## Source data:
**********

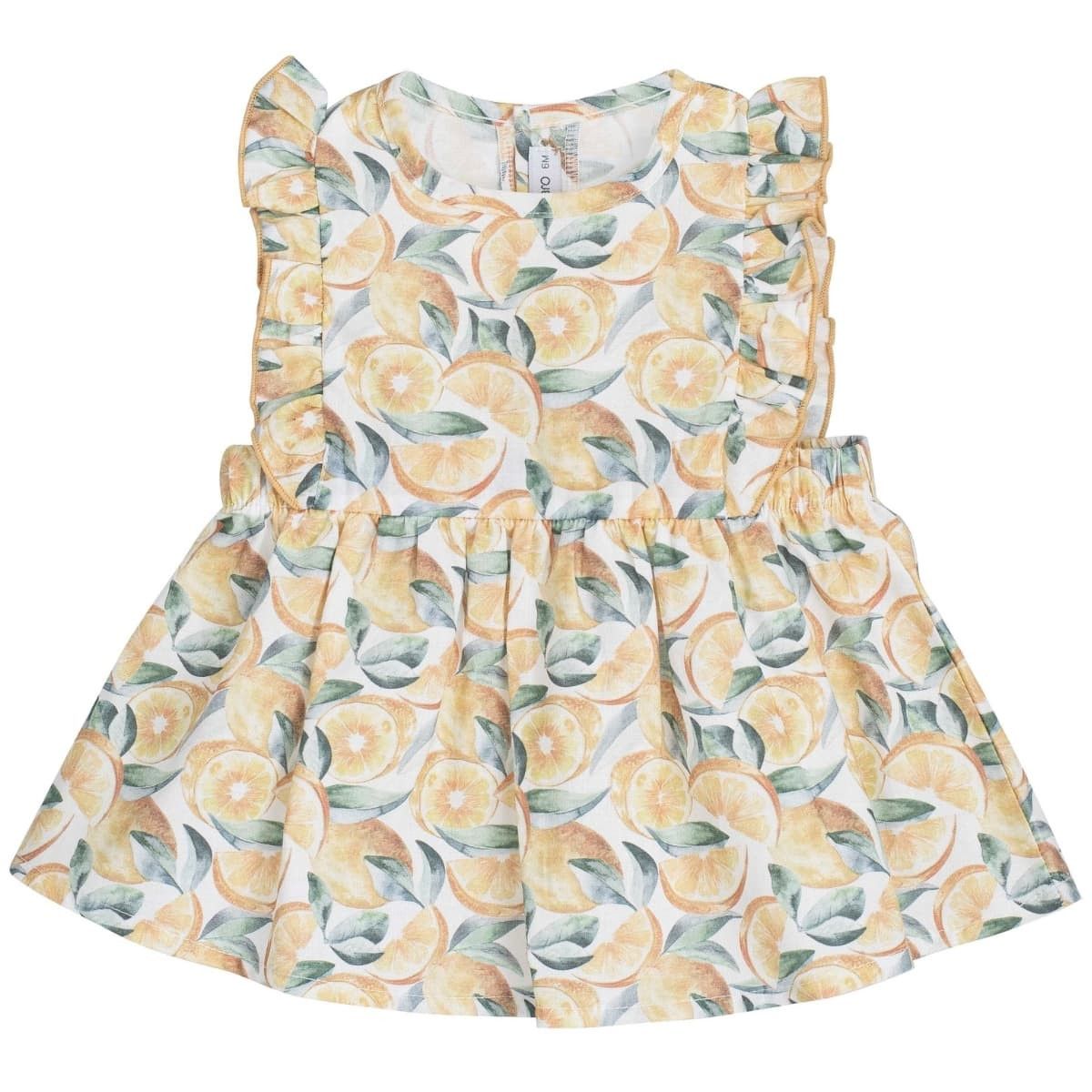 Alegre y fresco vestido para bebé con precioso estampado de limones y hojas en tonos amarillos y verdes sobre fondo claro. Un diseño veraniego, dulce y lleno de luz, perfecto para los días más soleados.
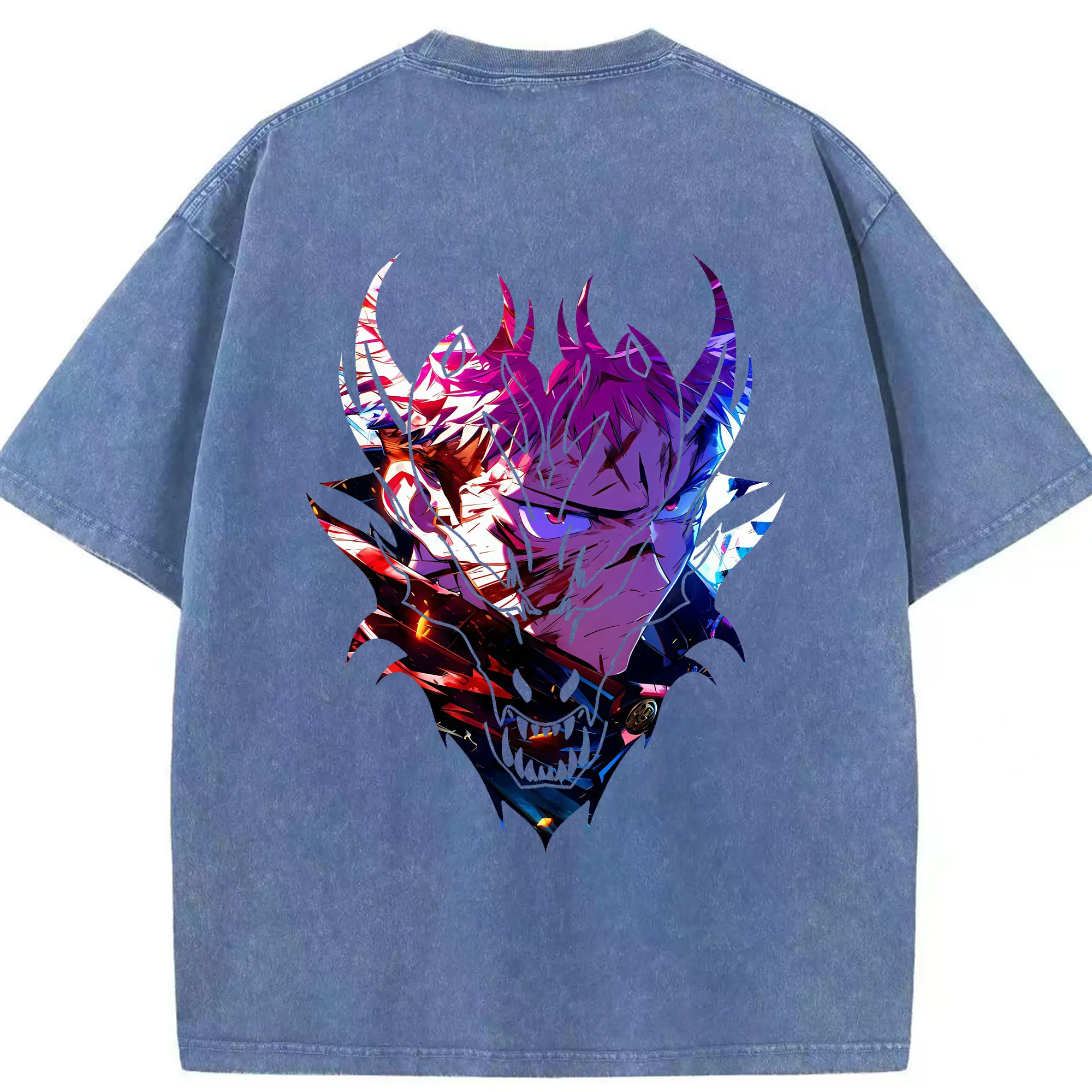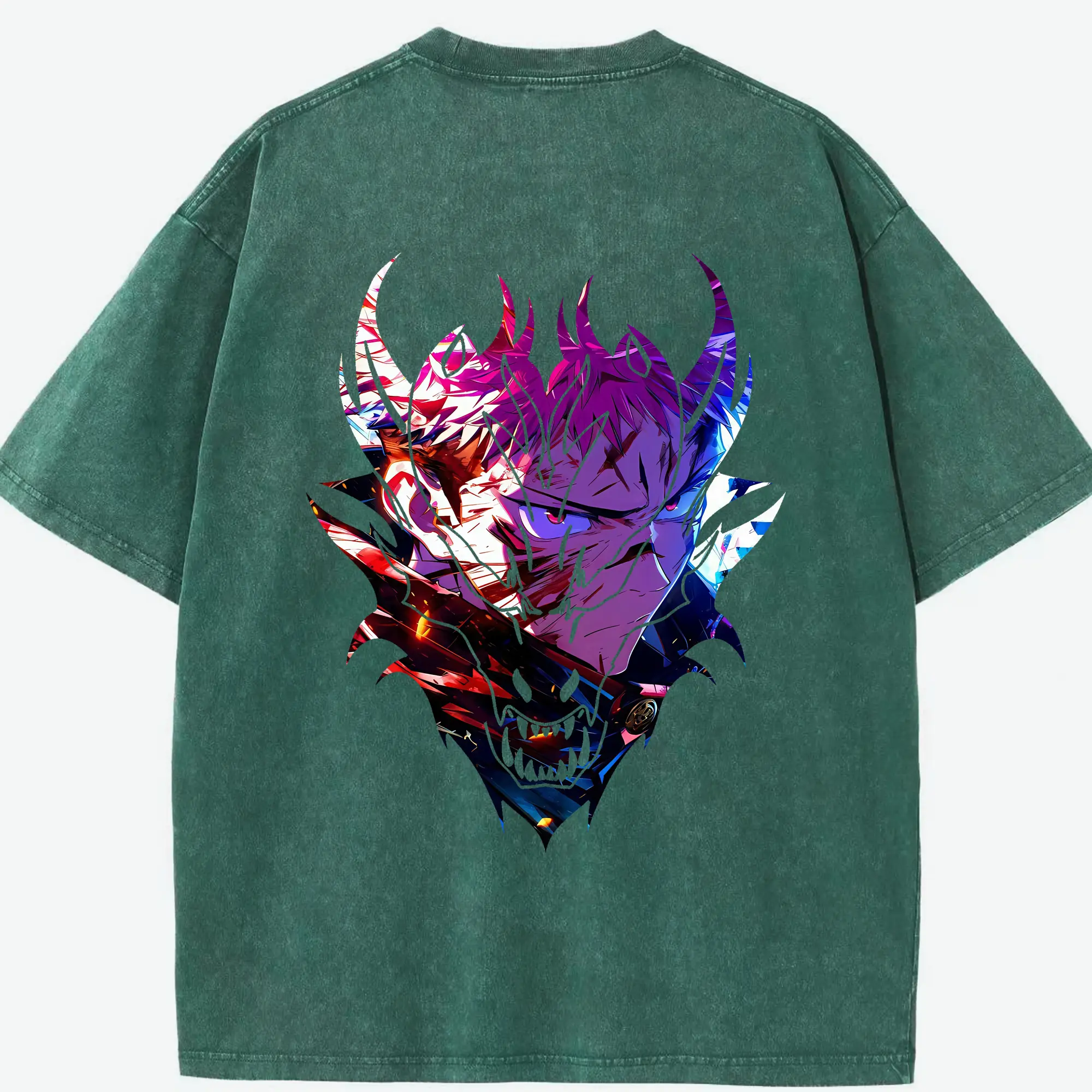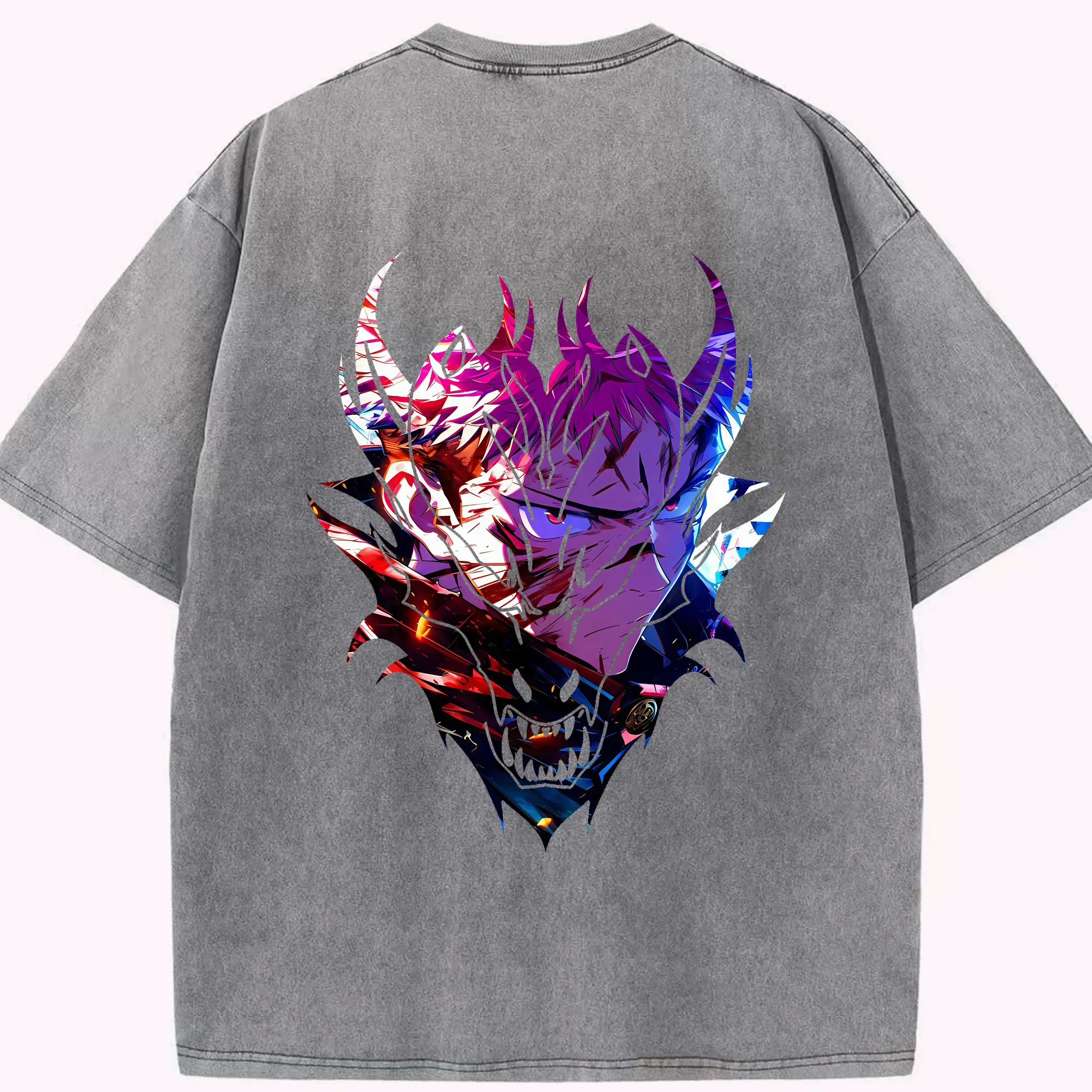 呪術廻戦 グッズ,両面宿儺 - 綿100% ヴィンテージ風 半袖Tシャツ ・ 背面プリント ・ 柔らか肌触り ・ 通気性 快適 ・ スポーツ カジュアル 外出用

**********

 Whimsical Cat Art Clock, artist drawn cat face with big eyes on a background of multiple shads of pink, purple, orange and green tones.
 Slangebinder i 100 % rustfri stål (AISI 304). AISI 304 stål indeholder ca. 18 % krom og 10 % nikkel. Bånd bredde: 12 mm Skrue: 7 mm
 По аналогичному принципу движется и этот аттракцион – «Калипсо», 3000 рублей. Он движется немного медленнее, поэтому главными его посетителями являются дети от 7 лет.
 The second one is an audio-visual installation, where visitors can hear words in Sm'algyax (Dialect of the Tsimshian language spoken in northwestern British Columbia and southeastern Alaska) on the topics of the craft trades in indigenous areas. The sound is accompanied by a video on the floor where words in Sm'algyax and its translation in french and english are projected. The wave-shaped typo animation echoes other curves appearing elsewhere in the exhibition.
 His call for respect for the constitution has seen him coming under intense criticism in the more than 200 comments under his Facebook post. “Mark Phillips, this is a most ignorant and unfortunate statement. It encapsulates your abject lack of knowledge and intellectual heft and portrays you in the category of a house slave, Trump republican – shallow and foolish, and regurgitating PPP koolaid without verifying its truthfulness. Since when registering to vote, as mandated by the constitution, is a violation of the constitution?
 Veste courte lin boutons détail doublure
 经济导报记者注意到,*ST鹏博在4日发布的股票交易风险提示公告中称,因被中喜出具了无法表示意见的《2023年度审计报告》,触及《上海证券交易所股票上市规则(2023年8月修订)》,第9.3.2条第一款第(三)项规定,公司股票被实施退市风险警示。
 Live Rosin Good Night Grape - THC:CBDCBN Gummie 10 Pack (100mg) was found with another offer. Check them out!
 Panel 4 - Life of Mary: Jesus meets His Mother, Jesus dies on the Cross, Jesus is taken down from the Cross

**********

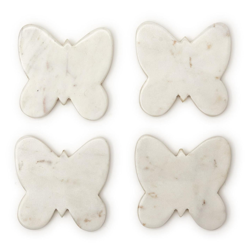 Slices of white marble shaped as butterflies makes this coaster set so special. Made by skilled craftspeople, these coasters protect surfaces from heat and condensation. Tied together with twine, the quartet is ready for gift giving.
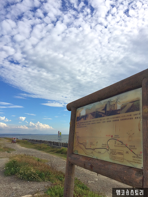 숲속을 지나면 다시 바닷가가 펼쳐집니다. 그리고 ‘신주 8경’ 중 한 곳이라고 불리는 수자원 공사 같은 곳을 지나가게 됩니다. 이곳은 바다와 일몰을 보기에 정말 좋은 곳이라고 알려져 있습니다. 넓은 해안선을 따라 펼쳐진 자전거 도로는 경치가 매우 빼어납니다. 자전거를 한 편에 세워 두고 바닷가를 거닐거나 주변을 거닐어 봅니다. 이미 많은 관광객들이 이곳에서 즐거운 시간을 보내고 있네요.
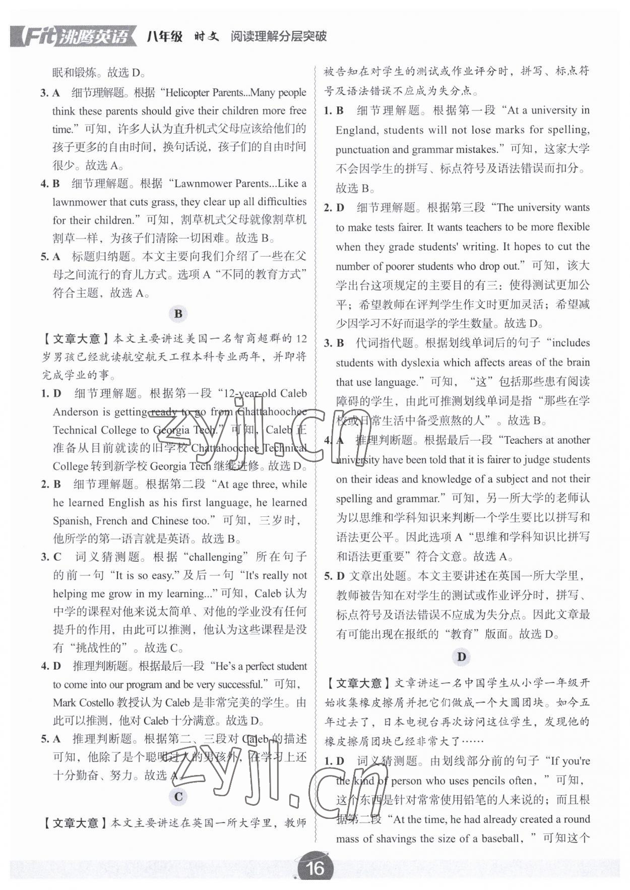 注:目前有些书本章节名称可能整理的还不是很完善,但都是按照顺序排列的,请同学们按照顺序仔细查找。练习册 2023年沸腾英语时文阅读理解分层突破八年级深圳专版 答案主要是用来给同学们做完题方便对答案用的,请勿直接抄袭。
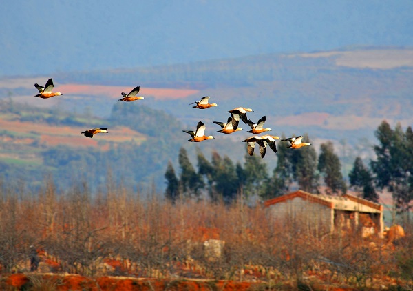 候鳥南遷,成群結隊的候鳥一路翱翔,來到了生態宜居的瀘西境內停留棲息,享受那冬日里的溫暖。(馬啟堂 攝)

**********

## Work task:
Copy verbatim, from the listing above, each line from the one containing "Whimsical Cat Art" down to the one containing "По аналогичному принципу", inclusive.

## Written response:
 Whimsical Cat Art Clock, artist drawn cat face with big eyes on a background of multiple shads of pink, purple, orange and green tones.
 Slangebinder i 100 % rustfri stål (AISI 304). AISI 304 stål indeholder ca. 18 % krom og 10 % nikkel. Bånd bredde: 12 mm Skrue: 7 mm
 По аналогичному принципу движется и этот аттракцион – «Калипсо», 3000 рублей. Он движется немного медленнее, поэтому главными его посетителями являются дети от 7 лет.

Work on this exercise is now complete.